It’s midnight now and I’m finally able to sit down.
Eight hours ago I was rushing to get home from lunch with friends to get showered, suited up, and out into the woods. It was my last day of a string of vacation days and my window of opportunity was closing for a managed hunt on conservation land. I wanted to fill at least one of the two tags I still had.
My brother Andy shuttled me from the main parking lot at to an access point almost a mile down the road. I had my climber on my back and intended to bushwhack through a dense stand of river birch to get to a clearing where deer trails intersected.
After pushing through the thick forest and reaching the clearing, I realized there were no suitable trees for the climbing stand. I was getting anxious. The sun was slipping lower toward the towering ridge to the west and the air was cooling. I needed to get up and ready to shoot.
Plan B involved reviewing aerial maps in Google Earth on my phone but the resolution was too low to discern between scrub brush and glade. I decided to push west further into the mess to see what alternative I could find.
Ultimately, near a patch of briars adjacent to a cedar thicket, I found a tree with the right thickness. I had to cut five limbs off as I climbed, but I was just glad to have a decent tree to be in. The tree stood on a dilapidated barbed wire fence line and at the corner of a scant East/West trail leading to a less dense area of briars…almost a clearing.
Over the years, I’ve learned to stay on stand until dark. I’ve had so many deer pop out at last light that it’s becoming a standing joke. Tonight was no different. Aside from a gray squirrel every now and then, only birds were moving. Then, as only ambient light remained, the intentional forward shuffling of feet grew and I realized deer were moving.
Amazingly (because this also happens to be part of the standing joke), they were headed to my tree. Sometimes it feels like I’ve got a deer magnet on me. For all the trees in the woods, when they come directly to me, I never cease to be amazed. From my perch above the ground, I made out a black nose and gray face moving through the cedars. I came to full draw and began to try to find the deer in my peep.
She was almost underneath me. My hope was the younger doe up front would walk past so I’d have a shot at one of the larger ones in the rear. That hope was extinguished when doe #1 stopped dead on the trail almost below me. Her body frozen, she stamped once then looked up at me. Busted.

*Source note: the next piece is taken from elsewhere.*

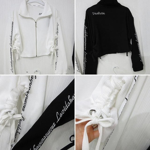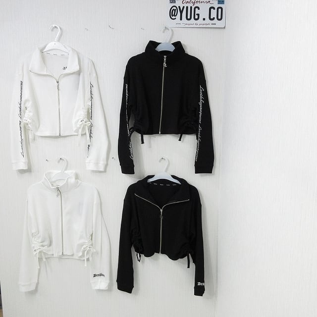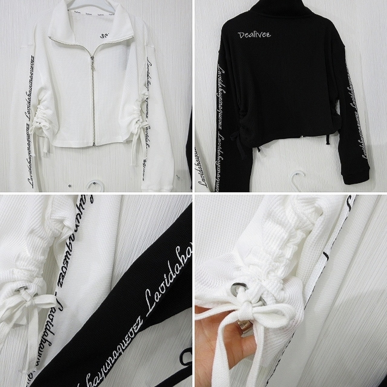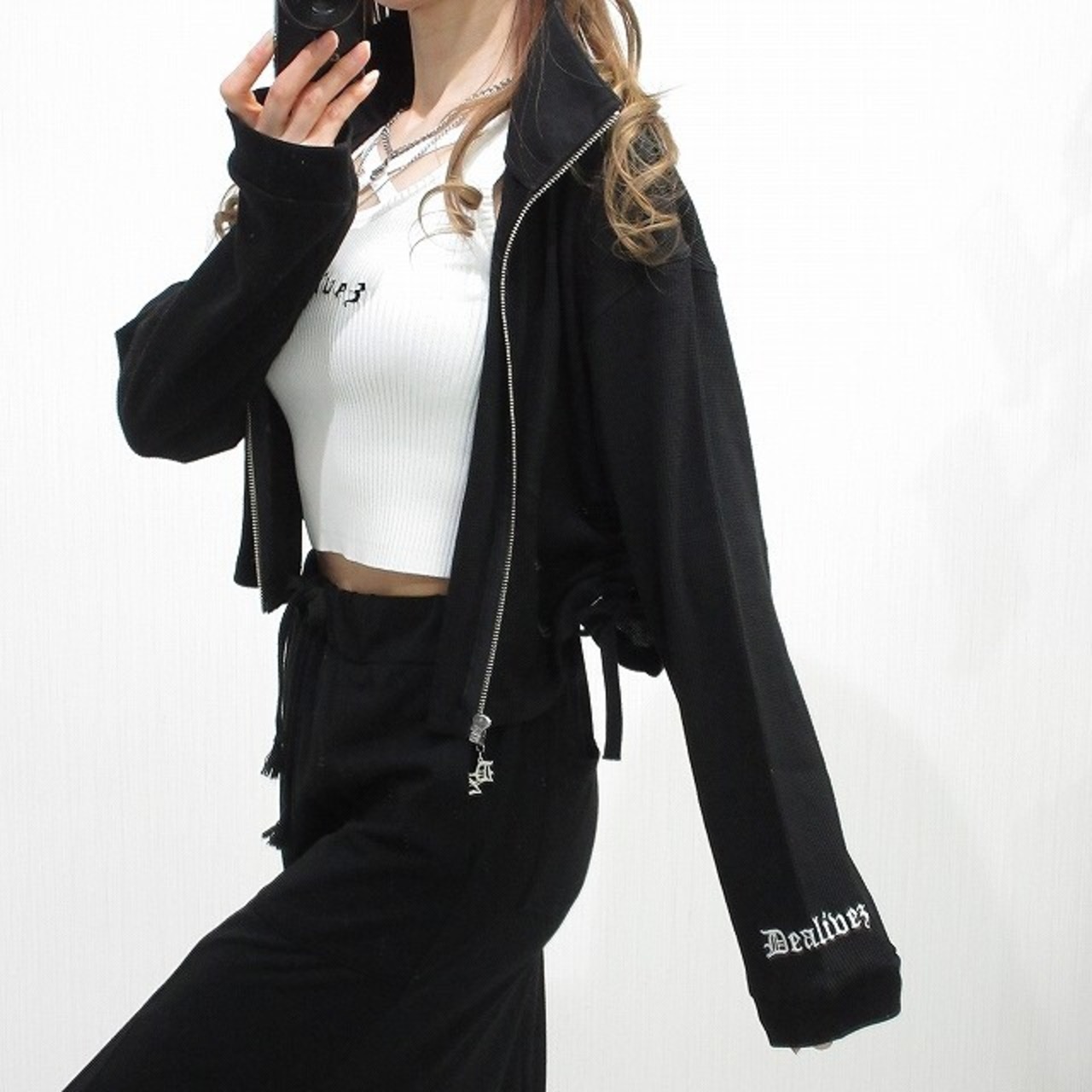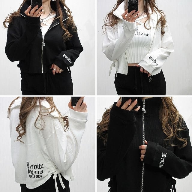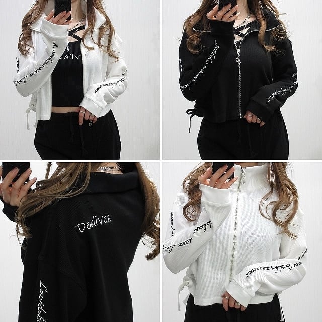 【Dealivez】ハイネックZip ワッフル地 Sideシャーリング ALL刺繍 ZIP ジャケ JK チャーム付 スタンドBIG襟

Before she bolted, I lined up the shot, though it had to pass through foliage to hit her. I initiated the release, heard the familiar punch of metal on rib cage then watched her run off down the path.
Her blood trail was clear to follow and in one last act of defiance, she expired in a briar patch.
45 minutes after finding her, I was out of the woods and back at the Jeep, ready to quit hunting for the rest of my life. Between dragging that deer through coat-closet thick brush interspersed with briars with my climber on and bow in hand…and at night, soaking my clothing with sweat, I was furious. My anger was only compounded by the dead end paths that caused me to backtrack.
I made it out of the woods at 8:20 pm. Four hours later the deer has been butchered and is now cooling in the fridge. I should be in bed, but need to unwind a bit before I do that…so I’m writing about the evening.
I love my time in the woods; even more when I see something; especially when I bring something home. I do have to say that after all the work of hunting then processing my kill, going back to work in the morning may end up feeling more like a vacation than my time off did.